The tree would have seeded after the end of the last ice age, at a time when sea levels were rising and the climate was warming.

The rapid snowmelt in the Victorian Alps caused the mountains to shed huge amounts of gravel, which was then swept into the Murray River. As red gums fell into an ancient channel they were covered by this new gravel, which sealed them in the riverbank.

Preserved from decay by the acidity of the water, the entombed wood slowly absorbed enormous amounts of iron and silica. This oxidising and ebonising process is what makes it black through to the centre and hard, much harder than other red gum.

Articulating a future

Jim first became aware of the red gum when he received some samples at the Melbourne Museum in 1990. The damp and fibrous wood had been unearthed in a quarry on Yorta Yorta land in Wodonga, where it was regarded as a nuisance by those more interested in the gravel around it.

Jim and his wife Joan Bowler recognised the significance of the timber and were eager to see it preserved and used. They helped arrange for the director of the museum to provide “authentications” for woodworkers to make it into furniture, and Joan and her friend Annetine Forell travelled the country over the following two decades, drawing the remarkable material to the attention of millers and craftspeople.

The late Kelvin Barton, a miller, woodworker and seventh-generation farmer, became a crucial intermediary. He collected the ancient red gum in Wodonga, reducing its water content in his ersatz kiln to turn it into workable timber. This was how Damien, a long-term friend and collaborator, came to encounter the ancient red gum — indeed it was in Kelvin’s yard that he found the much younger slab that became Food Bowl.

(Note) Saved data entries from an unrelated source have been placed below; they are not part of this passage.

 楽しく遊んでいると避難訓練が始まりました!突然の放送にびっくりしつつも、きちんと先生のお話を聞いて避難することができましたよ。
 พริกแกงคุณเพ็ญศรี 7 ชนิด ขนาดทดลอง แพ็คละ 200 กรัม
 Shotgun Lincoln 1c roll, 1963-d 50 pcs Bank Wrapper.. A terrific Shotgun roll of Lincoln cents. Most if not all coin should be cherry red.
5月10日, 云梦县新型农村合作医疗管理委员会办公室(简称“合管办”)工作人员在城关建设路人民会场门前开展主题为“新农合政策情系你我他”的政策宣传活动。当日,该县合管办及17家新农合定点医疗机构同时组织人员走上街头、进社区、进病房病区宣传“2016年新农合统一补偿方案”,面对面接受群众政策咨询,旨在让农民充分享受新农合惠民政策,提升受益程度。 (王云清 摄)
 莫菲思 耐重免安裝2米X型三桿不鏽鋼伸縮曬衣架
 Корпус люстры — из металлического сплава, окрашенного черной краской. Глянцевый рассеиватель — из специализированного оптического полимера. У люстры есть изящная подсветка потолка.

Ancient red gum, Wodonga, 2004. Damien Wright

Damien uses the ancient red gum to articulate his vision for Australia. He sees craftsmanship as a language: a practice that is refined over time to communicate knowledge, beauty and ideas.

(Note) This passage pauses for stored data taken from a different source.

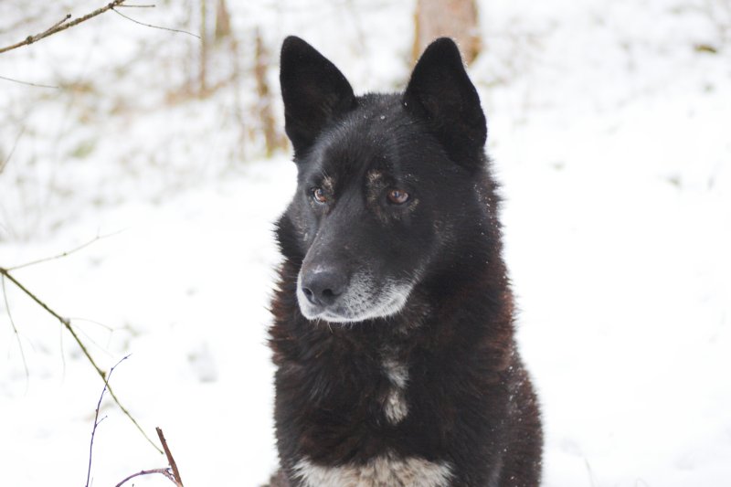 Пес матерый. Когда то носил ошейник, след которого угадывается на шее. Кочегар Валерий, у которого мы останавливались в котельной, говорил, что у Тринадцатого есть хозяева. В целом же пес производит впечатление существа полудикого. И глаза холодные злые, когда он бегает, выискивая добычу. А на стоянках порой взгляд был печальный, в котором была видна вся его нелегкая полудикая жизнь.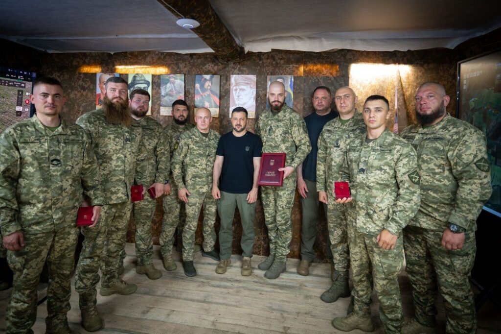 Іван Козін нині служить у 225-му окремому штурмовому полку. Президент зустрівся з ним та іншими бійцями у пункті управління підрозділу на Сумщині.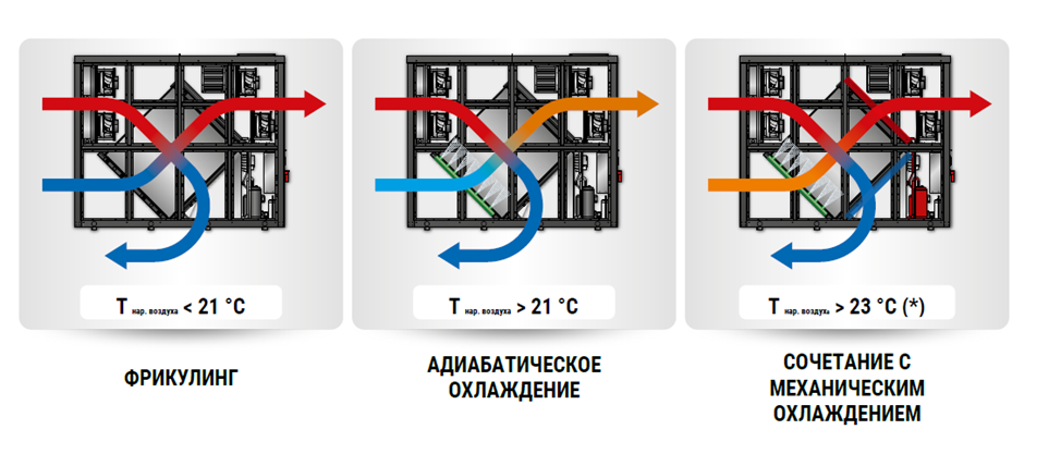 В таких условиях, использование оборудования с возможностью выхода на свободное и/или адиабатическое охлаждение при высоких температурах наружного воздуха является перспективным и интересным решением. Использование такого оборудования позволит повысить эффективность системы кондиционирования при сокращении эксплуатационных расходов.
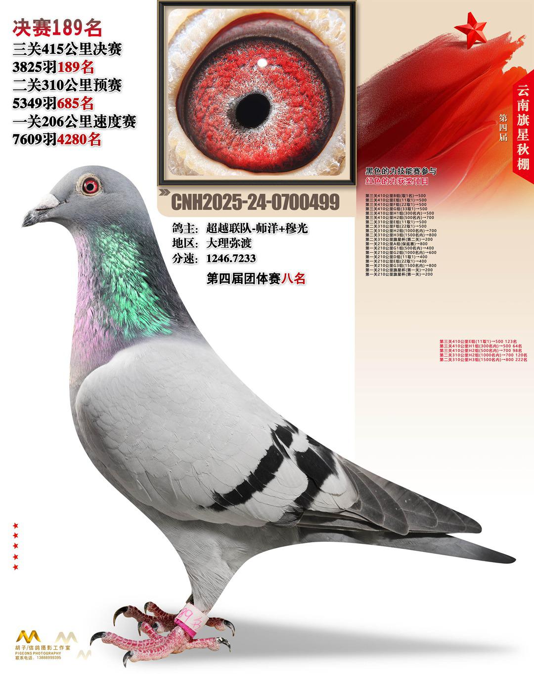 云南大理旗星赛鸽中心2025决赛189名超越联队-师洋+穆光24-0700499大理弥渡获奖鸽展示!

He considers his furniture — in its functionality as well as its elegance — as an embodiment of this philosophy. Objects tell stories. They become part of our everyday lives and express everyday futures:

My argument is that to take a material that is ten thousand years old and to articulate that in a beautiful and passionate way and to make that a relevant thing to our lives or to peoples’ lives is a way of articulating a future for this continent. It’s a way of understanding our place in time. It’s a way of dealing with people. It’s a way of projecting forward.

Damien Wright, Reading Chair and Ned, 2017. Ancient red gum and recovered black bean. Fred Kroh

Joan Bowler shares this vision for the ancient timber. In 2008, her company Australian Ancient Redgum donated a six-metre “Fossil Tree” to the Children’s Garden at the Royal Botanic Gardens Victoria, so that “children can sit under this ancient tree and look up through the hollowed out centre and dream of what was and what might be”.

Trees that were seeded after the end of the last ice age, that survived the ruptures of invasion and industry, have reemerged to offer a deep-time perspective of the continent.

It is a scale that reveals the long-term costs of short-term exploitation, and renders processes like the degradation of the Murray-Darling river system into sudden events.

Ancient red gum also invites a longer view of Australian history. And in the hands of Joan and Damien, it calls for the acknowledgement of cultures and histories that for so long have gone unrecognised.

This is an extract from Living with the Anthropocene, Love, Loss and Hope in the Face of Environmental Crisis, edited by Cameron Muir, Kirsten Wehner & Jenny Newell (New South Books).